INTRODUCTION
Periodontal disease is a prevalent inflammatory disease in the oral cavity where the complex interaction between bacteria and the host immune response leads to periodontitis. Periodontal disease is classified into chronic inflammatory and aggressive inflammatory diseases by tradition. However, the recently acknowledged classification of periodontal disease is based on the clinical presentation of the disease. Periodontal disease is primarily characterized by the destruction of connective tissue of the gingival, periodontal ligament, and alveolar bone. Periodontitis infection is caused by microorganisms such as Aggregatibacter actinomycetecomitans, Bacteroides forsythus, Campylobacter rectus, Fusobacterium nucleatum, and Porphyromonas gingivalis.[1,2] Bacterial plaque is the primary etiological agent for periodontitis, the local and systemic factors of host immune components are also involved in causing the disease. The local factors might favor the accumulation of plaque and maturation, while systemic factors might decrease the host immune response including environmental, genetic, and immunological factors. The variations in genes linked with inflammatory responses might be complicated to increase the risk of periodontitis which is recently shown.[3]
Mitochondria are internal organelles of cells, and they are a cellular powerhouse, producing adenosine triphosphate (ATP) through the electron transport chain. They have a wide range of functions in cells, including calcium (Ca2+) homeostasis regulation, orchestration of apoptosis, and differentiation.[4] An abundance of evidence shows reactive oxygen species (ROS) produced by mitochondria has a role in inflammatory signaling regulation. Mitochondria implicate the inflammatory response in multiple aspects. In general, inflammation is induced by oxidative stress to create a stressful condition that leads to tissue damage and triggers chronic inflammation. This process is predominantly organized by activating the inflammasome of NOD-, LRR- and pyrin domain 3 (NLRP3).[5] The inflammatory response is induced by the mitochondria via pattern recognition receptors, damage-associated molecular patterns, and NLRP3 inflammasome activation.[6] Several nuclear gene mutations were reported in aggressive and chronic periodontitis. The list of genetic factors linked with periodontitis is still unclear, and more research work is needed to establish the biomarkers and genetic abnormalities that might allow for the early detection, prevention, and treatment of periodontitis patients at high risk. In this review, we discuss the role of mitochondrial DNA (MT-DNA) mutation in periodontal inflammation and its association with mitochondrial dysfunction.

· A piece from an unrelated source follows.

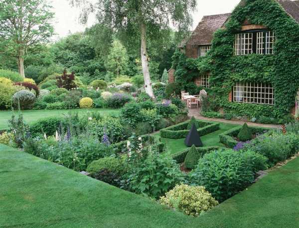 Условно разделите участок на несколько зон, их можно ограничить при помощи живых изгородей и декоративных заборчиков. Скульптуры в саду должны вписываться в стиль оформления участка.
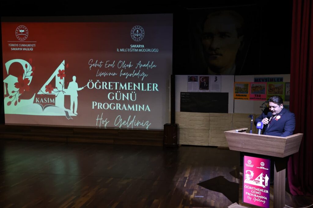 Sakarya’da 24 Kasım Öğretmenler Günü, Sakarya İl Millî Eğitim Müdürlüğü tarafından hazırlanan kapsamlı bir programla kutlandı. Programa Sakarya Valisi Sayın Rahmi DOĞAN, AK Parti Sakarya Milletvekili Ali İNCİ, AK Parti Sakarya Milletvekili Lütfi BAYRAKTAR, İl Millî Eğitim Müdürü Coşkun BAKIRTAŞ, MHP Sakarya İl Başkanı Oğuz ALKAŞ, il protokolü, öğretmenler, öğrenciler ve çok sayıda davetli katıldı.

MITOCHONDRIAL DNA MUTATION ASSOCIATED WITH PERIODONTITIS
Mitochondria have their own MT-DNA in their genome, which encodes for thirteen proteins. They play an important function in oxidative phosphorylation and are necessary for the translation of their Mt-tRNA and Mt-rRNA. More than 250 variants of pathogenic mutations were identified in the mitochondrial genome. Experimental evidence suggests that MT-DNA damage is demonstrated more extensively than nuclear DNA damage in humans due to oxidative stress.[7] A study by Govindaraj et al. in India demonstrates that in chronic periodontitis, patients are affected by 264 Mt-DNA variations in 25 complete Mt-DNA sequences. In their study, they identified 14 novel mutations in 11 chronic periodontitis patients that were only present in tissue sample DNA and not in blood sample DNA.[8] The Mt-DNA mutation in chronic periodontitis is also associated with various diseases such as cardiomyopathy, chronic progressive external ophthalmoplegia, hearing impairment, Alzheimer’s disease, Parkinson’s disease, neurological disorders, stroke, lethal infantile mitochondrial myopathy, multiple sclerosis, leukemia, and type 2 diabetes. In the Turkish population, 5-kb Mt-DNA deletions are reported in the gingival tissue of chronic periodontitis patients. This deletion was frequently observed in chronic periodontitis patients compared to a normal group.[9] Hence, further functional research in this area might provide comprehensive knowledge about mutations in Mt-DNA associated with periodontitis, which may help to develop the specific genetic markers for Mt-DNA damage related to periodontitis.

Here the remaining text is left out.